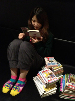 たくさんの蔵書のなかから、選りすぐりの精鋭たちをそろえて一息つく間もなくさっそく読みはじめたにゃーたか。おーい、おーい。‥‥無視。静かにじぶんの世界に入って行きましたにゃ。手にしているのは『ねこ・ねこ・幻想曲』。くつしたにも目が行きますにゃ。
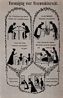The Vereeniging voor Vrouwenkiesrecht (Association for Women's Suffrage) was a women's rights organization active in the Netherlands from 1894 to 1919. It was devoted to women's suffrage. It was the main women's suffrage movement in the Netherlands. The Vereeniging changed its name in 1919 and would fuse with another association in 1930 and again in 1949 and still exists today.
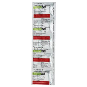 Glucobay M50 Tablet should be taken with food. To get the most benefit, take it regularly at the same time each day. Your doctor will decide what dose is best for you, which may change depending on how it works and your blood sugar levels.Keep taking this medicine, even if you feel well or your blood sugar levels are controlled. If you stop taking it without consulting your doctor, your blood sugar levels could rise, putting you at risk of kidney damage, blindness, nerve problems, and limb loss. As your doctor advises, you should follow a healthy diet, regular exercise, and weight reduction. Your lifestyle plays a big part in controlling diabetes.This medicine’s most common side effects may include flatulence, diarrhea, abdominal pain, fluid retention (edema), and increased liver enzymes. However, these are temporary and usually subside on their own. If these do not resolve or worry you, please consult your doctor. They might suggest ways to manage or treat your side effects if they are bothersome.
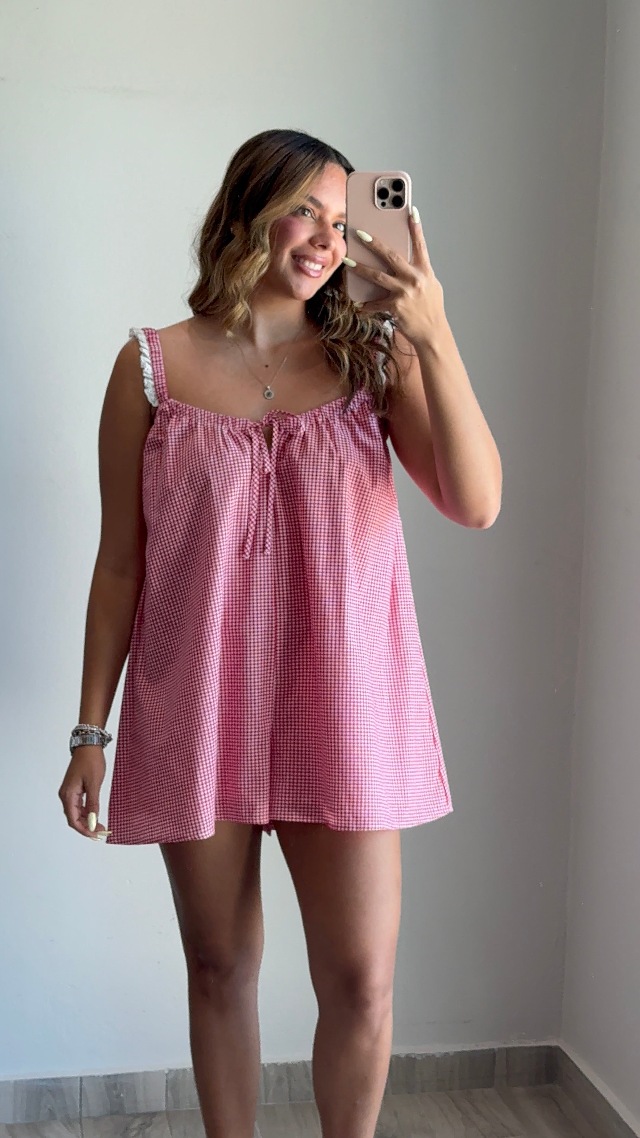 The Mae Gingham Lace Trim Romper offers a relaxed, comfortable fit that runs true to size. Modeled in a small with a loose silhouette, this piece works beautifully as-is or can be sized down for a more tailored look. Perfect for those who prefer an effortless, laid-back style with charming gingham and delicate lace trim details.
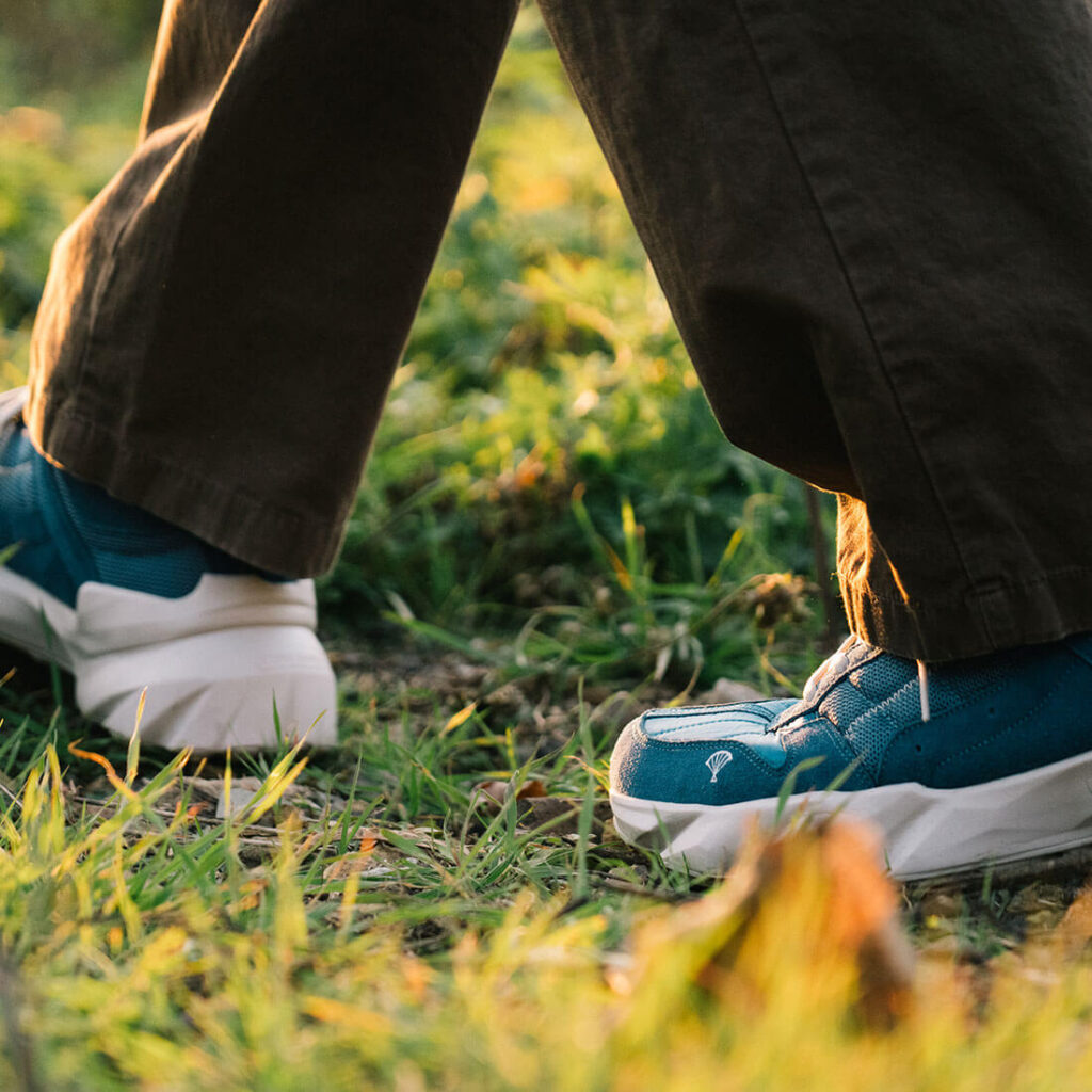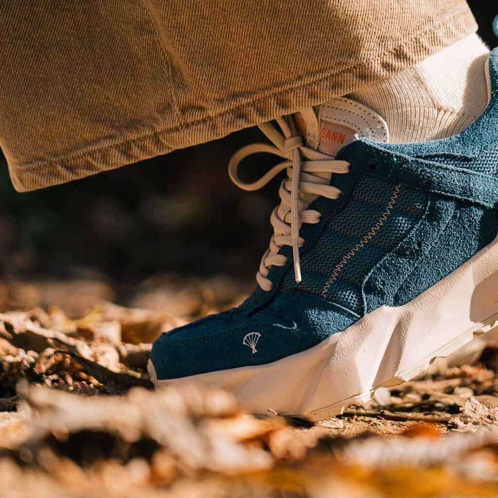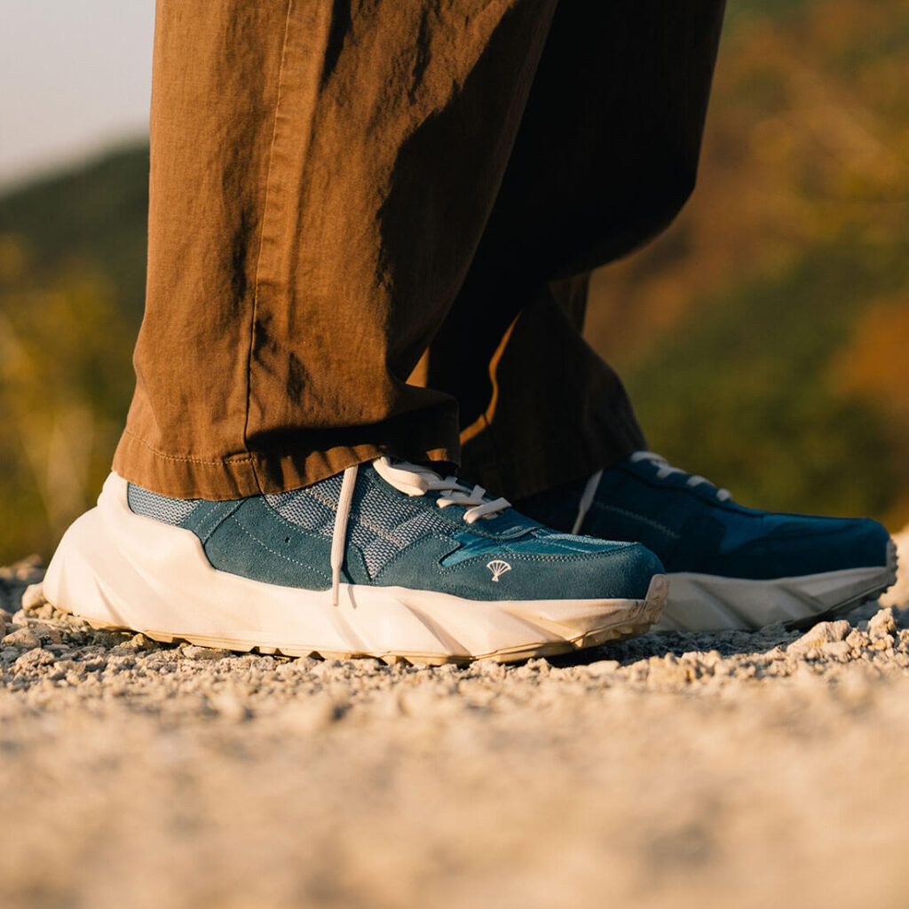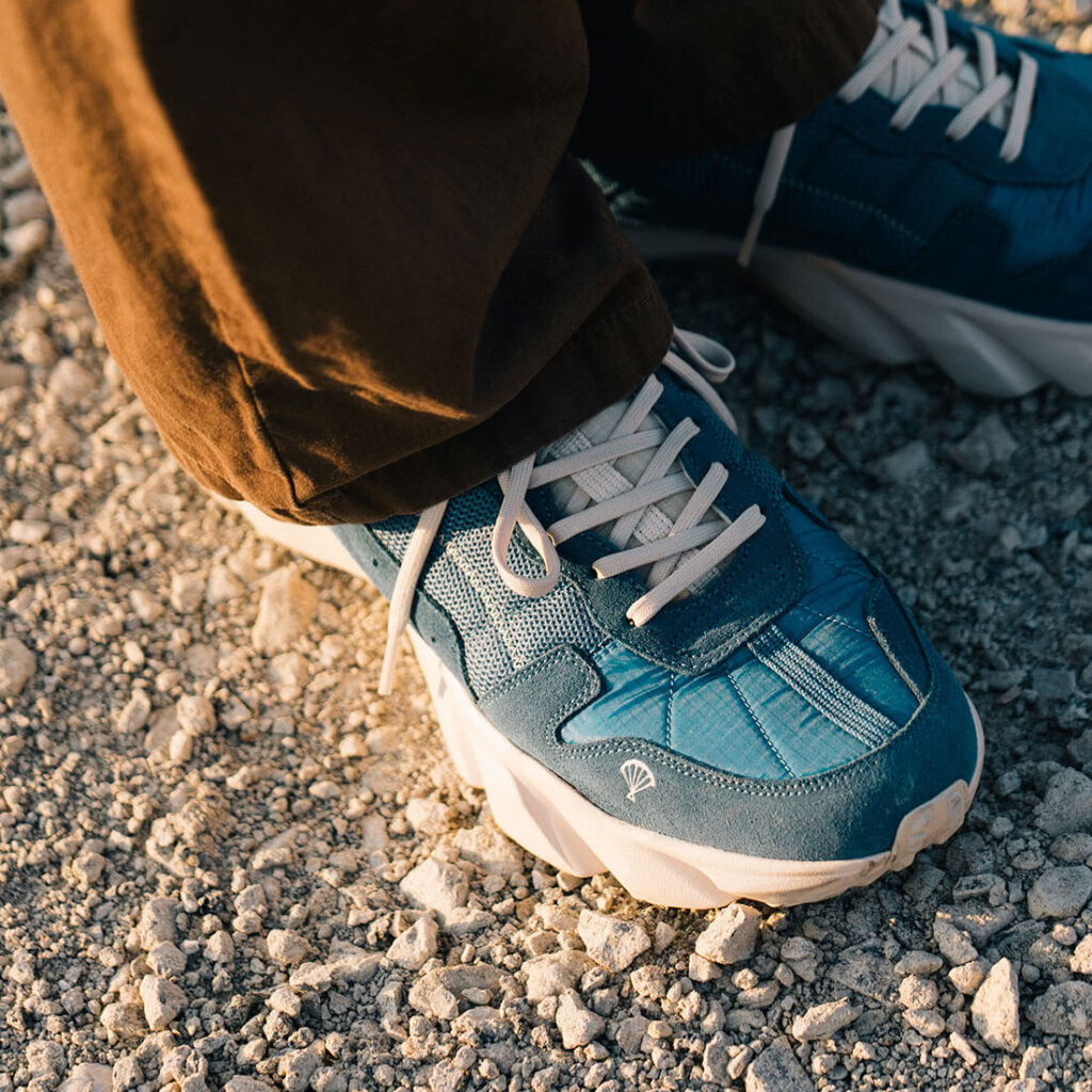 Cowhide-Suede / Used Paraglider Fabric (생활방수) / Recycled Polyester Shoelace / Injection Phylon Midsole / Rubber Outsole / EVA Insole
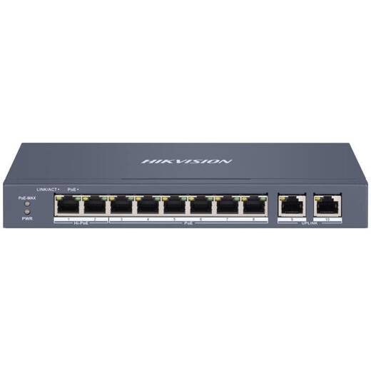 - количество портов: 8 портов PoE 10/100 Мбит/с, 2 гигабитных порта RJ45;

------------------------------------------------

GOAL OF THE EXERCISE - Repeat the material verbatim. Do not carry over any picture.

RESPONSE -
 たくさんの蔵書のなかから、選りすぐりの精鋭たちをそろえて一息つく間もなくさっそく読みはじめたにゃーたか。おーい、おーい。‥‥無視。静かにじぶんの世界に入って行きましたにゃ。手にしているのは『ねこ・ねこ・幻想曲』。くつしたにも目が行きますにゃ。
The Vereeniging voor Vrouwenkiesrecht (Association for Women's Suffrage) was a women's rights organization active in the Netherlands from 1894 to 1919. It was devoted to women's suffrage. It was the main women's suffrage movement in the Netherlands. The Vereeniging changed its name in 1919 and would fuse with another association in 1930 and again in 1949 and still exists today.
 Glucobay M50 Tablet should be taken with food. To get the most benefit, take it regularly at the same time each day. Your doctor will decide what dose is best for you, which may change depending on how it works and your blood sugar levels.Keep taking this medicine, even if you feel well or your blood sugar levels are controlled. If you stop taking it without consulting your doctor, your blood sugar levels could rise, putting you at risk of kidney damage, blindness, nerve problems, and limb loss. As your doctor advises, you should follow a healthy diet, regular exercise, and weight reduction. Your lifestyle plays a big part in controlling diabetes.This medicine’s most common side effects may include flatulence, diarrhea, abdominal pain, fluid retention (edema), and increased liver enzymes. However, these are temporary and usually subside on their own. If these do not resolve or worry you, please consult your doctor. They might suggest ways to manage or treat your side effects if they are bothersome.
 The Mae Gingham Lace Trim Romper offers a relaxed, comfortable fit that runs true to size. Modeled in a small with a loose silhouette, this piece works beautifully as-is or can be sized down for a more tailored look. Perfect for those who prefer an effortless, laid-back style with charming gingham and delicate lace trim details.
 Cowhide-Suede / Used Paraglider Fabric (생활방수) / Recycled Polyester Shoelace / Injection Phylon Midsole / Rubber Outsole / EVA Insole
 - количество портов: 8 портов PoE 10/100 Мбит/с, 2 гигабитных порта RJ45;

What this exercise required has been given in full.